There are two triggers that escalate the beginnings of conflict. One is the expectations we have of others as to how they should speak or behave, and the other is lack of respect. Others may not know what we expect of them, and we could carry on harbouring resentment if we do not make that clear. They, of course, do not need to meet our expectations, but if they are aware of them, they can have clarity. However, if we do not respect them, it becomes clear immediately. So, by trying to understand the story of those involved, including our own, and by voicing expectations and treating everyone with respect, transformation becomes more possible.
One of the tools to disengage with conflict is the pause button. To avoid rapid escalation, by reacting immediately to what has been said or done, we need to be able to press the pause button and find a way to step back. It could be by excusing ourselves and moving to another room for a moment. Taking time out in some way is important to gain a wider perspective, check our motivation, and what outcome we would prefer. For this, we need to also face what is termed as inner conflict. This is very challenging because it is exacerbated by the ‘inner critic’ which is very difficult to silence. It has been trying to help us survive, so it tends to speak louder than the wise advisor, that all of us have at a very deep level. This wise advisor knows us better than anyone; it has travelled with us through lifetimes. Yet it is hard to hear over the critic, who tries to protect us by getting revenge or winning at all costs. It is in silence that we begin to hear our wise advisor, and this is essential for the transformation of conflict.
Therefore, we must find a way to ‘know thyself’. What are our fears, how do we react to confrontation, what are our triggers? But, also, what are our strengths, our qualities, our skills. In contemplation we can ask, who am I? What do I bring to this world that is special for my family, my friends, relationships, workplace and how can I make a difference? I need to explore whatever anger I am carrying from the past. Even if I have managed to store it and lock it away, it can be ignited unexpectedly, like the volcanic power under the mountain.

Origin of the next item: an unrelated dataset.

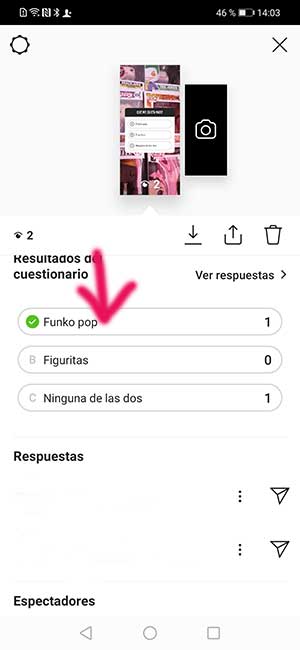 Ahora, verás que en la parte superior aparece cuantas personas han contestado cada cosa. Debajo puedes ver quien ha visto la historia y quien ha respondido la historia. Si quieres ver qué personas han respondido esa opción, pulsa sobre esa opción en concreto.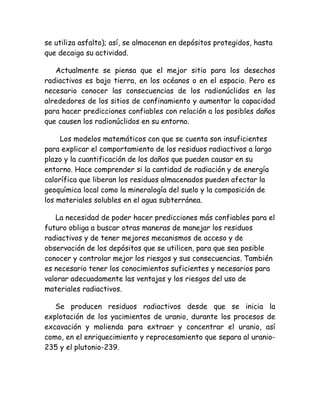 Los residuos radiactivos provienen de plantas nucleares y yacimientos de uranio y incluyen líquidos, gases y sólidos. Los líquidos y gases de baja a mediana radiactividad se filtran y almacenan temporalmente, mientras que los sólidos de alta radiactividad como las varillas de combustible gastado requieren aislamiento por miles de años. La eliminación permanente de los desechos de alta actividad ha resultado problemática y se siguen buscando métodos seguros a largo plazo como enterrarlos profundamente en depó

In the conditions of heat and power of conflict, it can erupt and be extremely dangerous.
So how, as a species, can we start to transform conflicts and create a better more peaceful world? We begin from exactly that intention – to bring peace. The thinking behind that intention will take us forward, because thinking becomes words and actions. We need to go beyond time and space, into the soul state, the oasis within the self of light and harmony that is innate to all of us. We are all naturally peaceful; peace-lessness is something we have created; it is not normal or natural. We need to take time out and connect with our harmonious and naturally compassionate self. Find the beauty of the other, hear their story and have empathy. Find our common ground. The world of peace can come only if we find that peace within us. It takes baby steps, one small gesture at a time. This has a ripple effect, and change comes by taking responsibility and opening the heart to change, then transformation can begin.
Christine Mahoney is an actor, mediator and conflict-resolution professional based in Melbourne, Australia. She has been a student and teacher of meditation with the Brahma Kumaris for more than 35 years.